WHAT IS REQUIRED — Copy exactly the lines from the beginning of the data down to and including the line holding "Pretty Love Casper", without any pictures.

INPUT DATA —

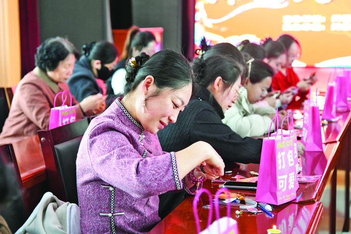 3月5日,“三八”国际妇女节前夕,闻喜县举办“锦色芳华 宋韵流芳”非遗宋锦手作活动,50多名妇女共同制作宋锦压襟挂件,感受非遗魅力。
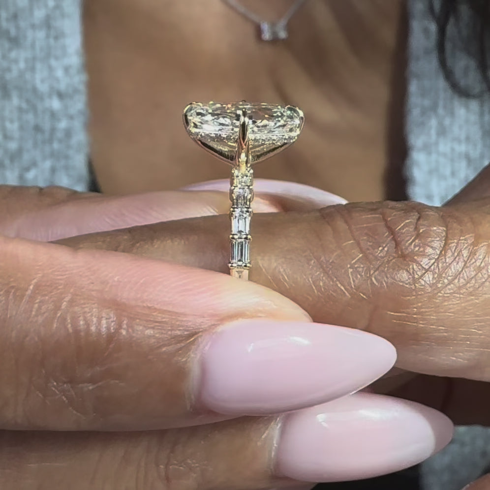 This Diamondboi signature design is a custom-made that went viral Lozenge cut lab-grown diamond engagement ring featuring straight baguettes on the shank and rotated prongs. Each ring is handcrafted to order in your choice of 18KT White Gold, Yellow Gold, or Rose Gold, offering a premium and personalized experience from start to finish.
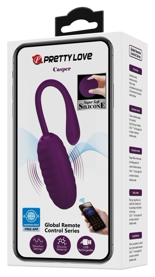 Pretty Love Casper Purple este un ou stimulator compact, ergonomic și discret, conceput pentru exploatare ușoară și hands-free. Are o suprafață din silicon moale și un corp rezistent, simplu de curățat.
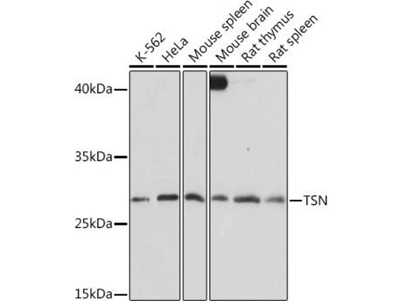 - A synthetic peptide corresponding to a sequence within amino acids 50-150 of human TSN (NP_004613.1).

ANSWER SECTION —
 3月5日,“三八”国际妇女节前夕,闻喜县举办“锦色芳华 宋韵流芳”非遗宋锦手作活动,50多名妇女共同制作宋锦压襟挂件,感受非遗魅力。
 This Diamondboi signature design is a custom-made that went viral Lozenge cut lab-grown diamond engagement ring featuring straight baguettes on the shank and rotated prongs. Each ring is handcrafted to order in your choice of 18KT White Gold, Yellow Gold, or Rose Gold, offering a premium and personalized experience from start to finish.
 Pretty Love Casper Purple este un ou stimulator compact, ergonomic și discret, conceput pentru exploatare ușoară și hands-free. Are o suprafață din silicon moale și un corp rezistent, simplu de curățat.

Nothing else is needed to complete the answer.